Due i dannati, macchiatisi di questo peccato, con cui Dante instaura un dialogo:
Farinata degli Uberti, capo riconosciuto dei Ghibellini di Firenze (vedi paragrafo 2.1);
Cavalcante de’ Cavalcanti, padre del celebre poeta stilnovista – nonché amico in gioventù
di Dante – Guido (vedi paragrafo 2.2).
Ad animare l’ambientazione cimiteriale sono quindi tre personaggi – Dante, Farinata e
Cavalcante – di origine fiorentina: Firenze diventa, quindi, sfondo delle disquisizioni tra i
personaggi, tra lotte di fazione e ricordo nostalgico. È proprio legato alla città il punto nevralgico
del decimo Canto dell’Inferno: ai versi 79-81, Farinata profetizzerà a Dante l’esilio, per la prima
volta all’interno della Commedia.
Canto X: i personaggi
Farinata degli Uberti
Primo personaggio del Cerchio degli eretici a interloquire con Dante, Manente degli Uberti –
detto il “Farinata” – è probabilmente il vero protagonista del Canto X dell’Inferno: il dialogo tra i
due, diviso in due sezioni, occupa ben 78 versi. Nato a Firenze intorno al 1212, egli appartenne alla
nobile e ricca famiglia ghibellina degli Uberti, di cui prese le redini nel 1239; nello stesso anno egli
divenne anche il massimo esponente dei Ghibellini di Firenze.

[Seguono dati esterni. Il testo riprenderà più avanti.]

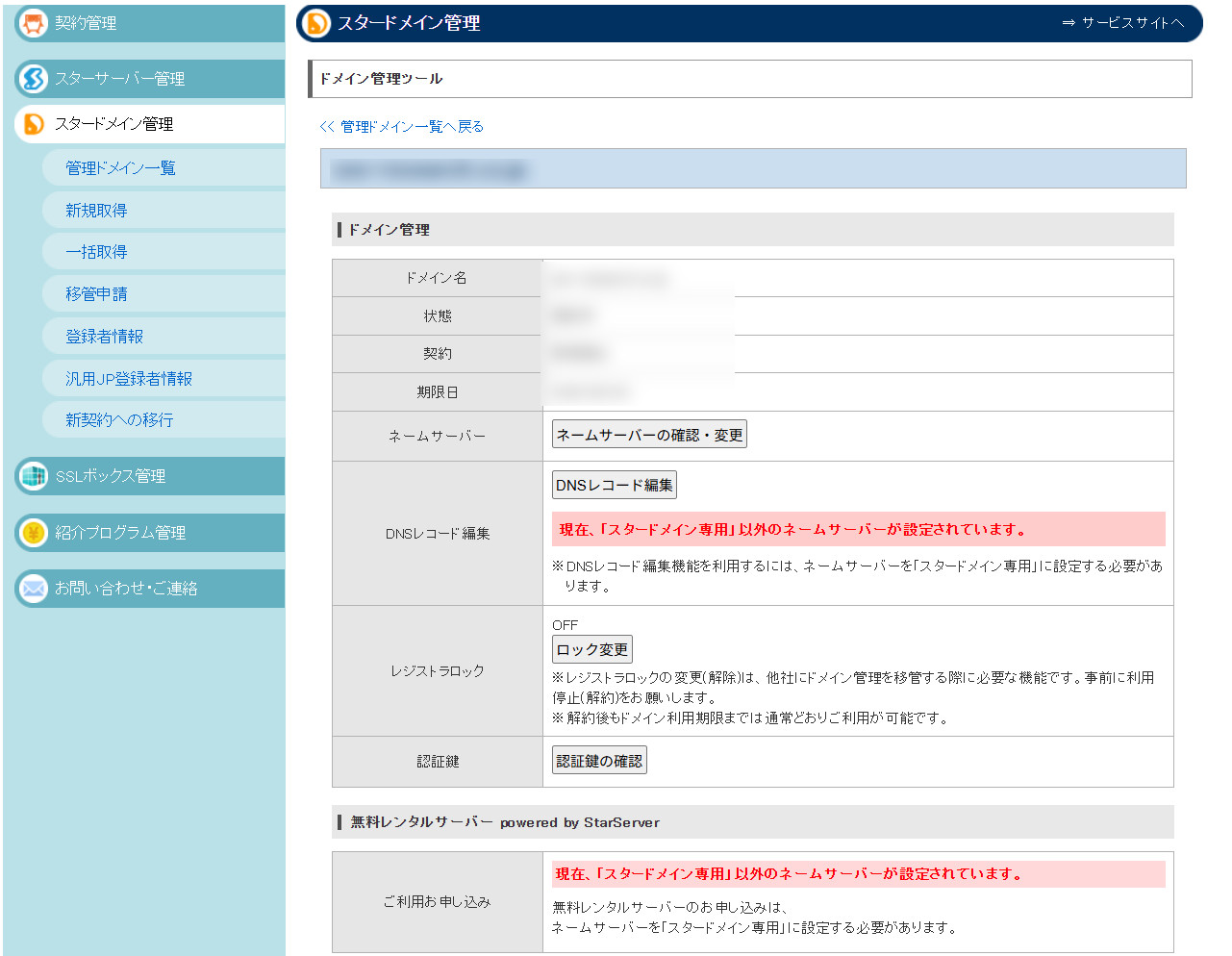 「現在、「スタードメイン専用」以外のネームサーバーが設定されています。
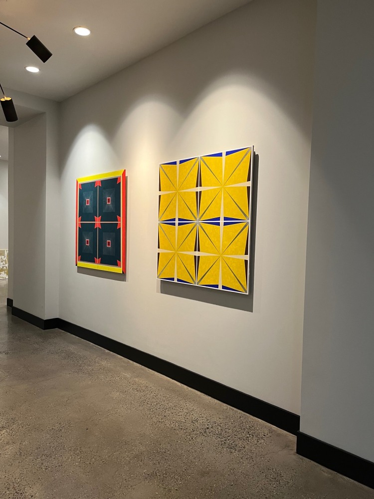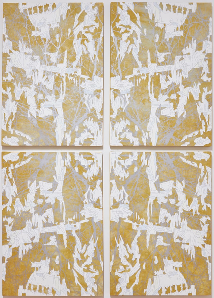 J Ivcevich blends innovative drafting technologies with traditional artisanal craft to create his abstract paintings. Drawing from images of tattered street advertisements, Ivcevich begins by manipulating the canvas surface with tie-dye and silk-screen techniques. Imagery taken from the found advertisements is then put through a process of layering and compositional reduction, then flipped, mirrored, and tessellated into a bursting mandala of forms. J Ivcevich received his Bachelor of Arts from Emory University in 1994. He was the recipient of the Pollock-Krasner Grant in 2001 and was featured on the cover of New American Paintings in both the Southeast and Northeast editions. Ivcevich has had solo exhibitions in New York, Indianapolis, Washington D.C., Chicago, Atlanta, and Memphis. A painting from this series is part of the Art in Embassies collection in Laos.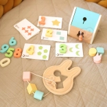 - trieur de formes en bois, chiffres avec cartes, blocs, jeu de laçage en forme de lapin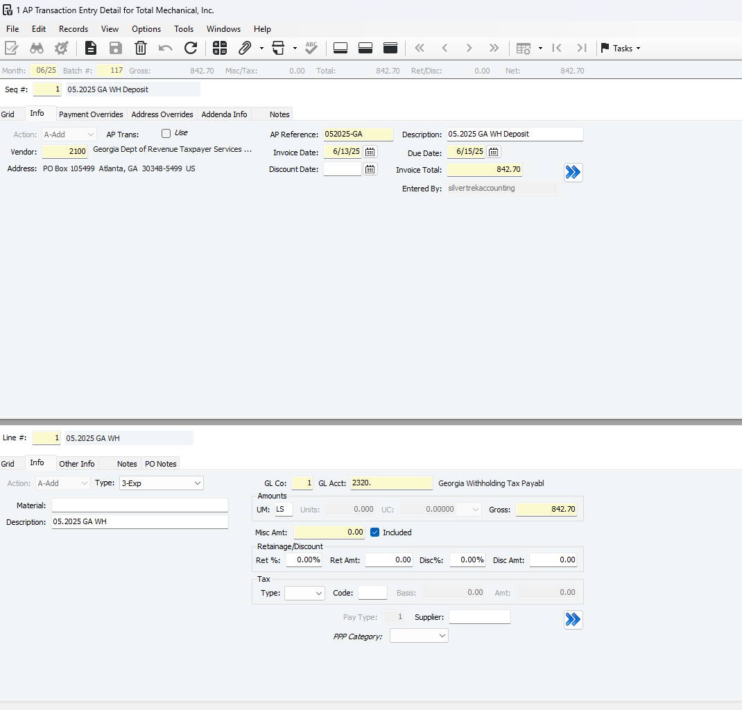 - Total Mechanical > Administrative > Government > Georgia > {YEAR} > Withholding > Tax Deposits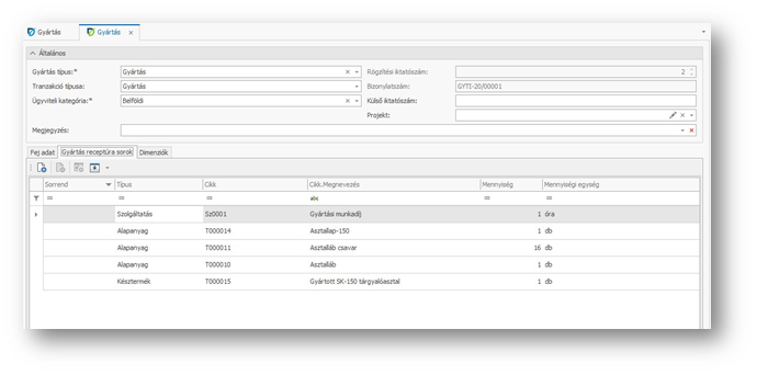 - Gyártás tranzakció receptúra sor adatok megjelenítő és rögzítő felülete -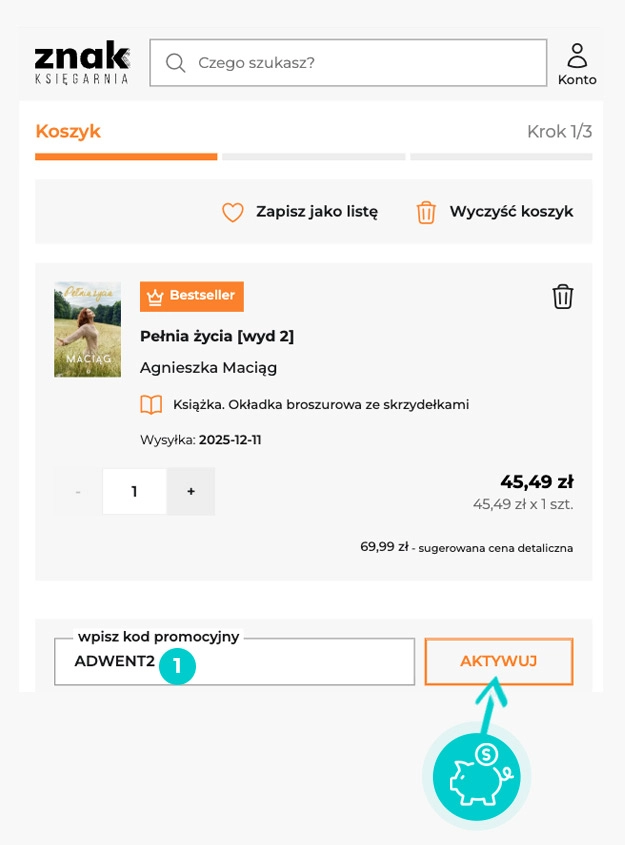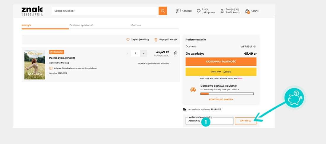 Wybierz produkt w e-sklepie znak.com.pl który Cię interesuje, naciśnij przycisk "Kup", a produkt zostanie automatycznie dodany do koszyka. Bezpośrednio w koszyku znajdziesz pole „Kupon podarunkowy lub rabatowy” pod wybranym produktem. Wpisz tutaj skopiowany kod rabatowy lub wprowadź go ręcznie i potwierdź przyciskiem „Zastosuj”.

Farinata ebbe un ruolo cardine nella vita politica della città: il 2 febbraio 1248 riuscì a sconfiggere i
Guelfi e ad esiliarli grazie all’aiuto dell’imperatore Federico II di Svevia; dopo la morte di
quest’ultimo, però, la fazione guelfa riuscì a riprendersi la propria rivincita a Figline Valdarno e
rientrò così in città nel gennaio 1251, condannando all’esilio, a Siena, gli Uberti. Farinata decise
così di prendere parte, il 4 settembre 1260, alla battaglia di Montaperti tra le truppe ghibelline
senesi e i Guelfi di Firenze; dopo la vittoria, egli si oppose fermamente alla distruzione di Firenze
e qui rientrò, per morirvi nel 1264.
Cavalcante Cavalcanti
La seconda anima con cui Dante dialoga nel Canto X dell’Inferno è quella di Cavalcante de'
Cavalcanti, padre di Guido Cavalcanti, celebre poeta stilnovista nonché amico, in gioventù,
di Dante. Nato a Firenze nella prima metà del secolo XIII, intorno al 1220, appartenne a una delle
più antiche e nobili casate fiorentine di parte guelfa, avversaria di quella degli Uberti.
Poche le notizie sul suo conto: nel 1257 divenne potestà di Gubbio e nel 1260, in seguito alla
sconfitta nella battaglia di Montaperti, venne esiliato a Lucca e le sue case in San Pier Scheraggio
vennero incendiate. Rientrò a Firenze solo nel 1266, dopo la vittoria ottenuta dai Guelfi nella
battaglia di Benevento; qui, probabilmente, morì in una data imprecisabile tra il 1267 e il 1280.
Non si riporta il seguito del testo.